Google needs to be sued for playing monopoly

A new study suggests that Google is playing monopoly, stifling competition in many industries, and has an adverse impact on the economy and the job market.

The report penned by Scott Cleland, President of Precursor, a tech communications research and consulting firm, calls for the search engine outfit to be dragged before some judges before it is too late.

Cleland’s report, which has the catchy title “Googleopoly VI Seeing the Big Picture: How Google is Monopolizing Consumer Internet Media & Threatening a Price Deflationary Spiral & Job Losses in a $Trillion Sector”, says  that Google is responsible for a lot of economic woes.

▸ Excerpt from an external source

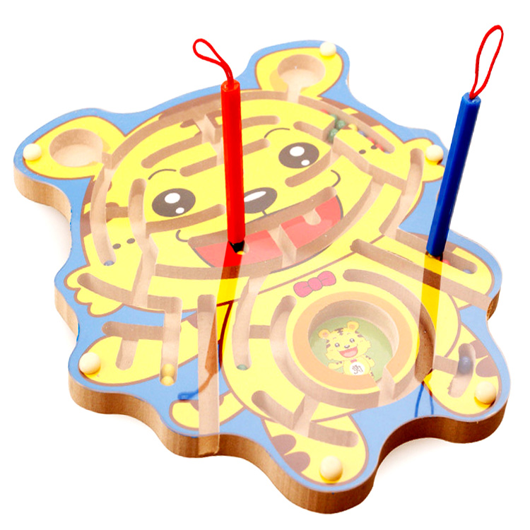 Лабиринт с запутанными дорожками по которым нужно передвигать разноцветные шарики с помощью магнитных палочек. Лабиринт выполнен в виде симпатичного тигренка.

He said that there was no net-economic growth or job creation from Google’s “free” internet sector model.

All it creates is a deflationary price spiral, negative growth, property devaluation, and hundreds of thousands of job losses in over 20 industries.

Cleland claims that consumers don’t win long term from a monopoly-gatekeeper of “free” information access and distribution.

He blames lax antitrust merger enforcement for the reason that Google is being tipped into a monopoly.

If antitrust authorities don’t do something then a trillion dollar sector with millions of jobs will suffer the same fate as the music and newspaper industries.

He is worried that when Google rebrands its current YouTube-Double-Click video advertising business as “Google TV“, it already will own an internet video-streaming monopoly with 80 percent of the Internet audience, almost a billion viewers, 2 billion daily monetised views, and 45 billion ads served daily.

Cleland said that Google was a vastly more serious antitrust threat to consumers and the economy than Microsoft ever was, because the DOJ blocked Microsoft from extending its monopoly vertically into the broader economy.

However antitrust authorities have unwittingly aided and abetted Google’s vertical monopolisation of vast parts of the broader economy, he said.

The report says that the DOJ has to deal with the rise of Google differently than the rise of Microsoft. Cleland said that Google’s access to the data on the internet poses a variety of security and privacy concerns.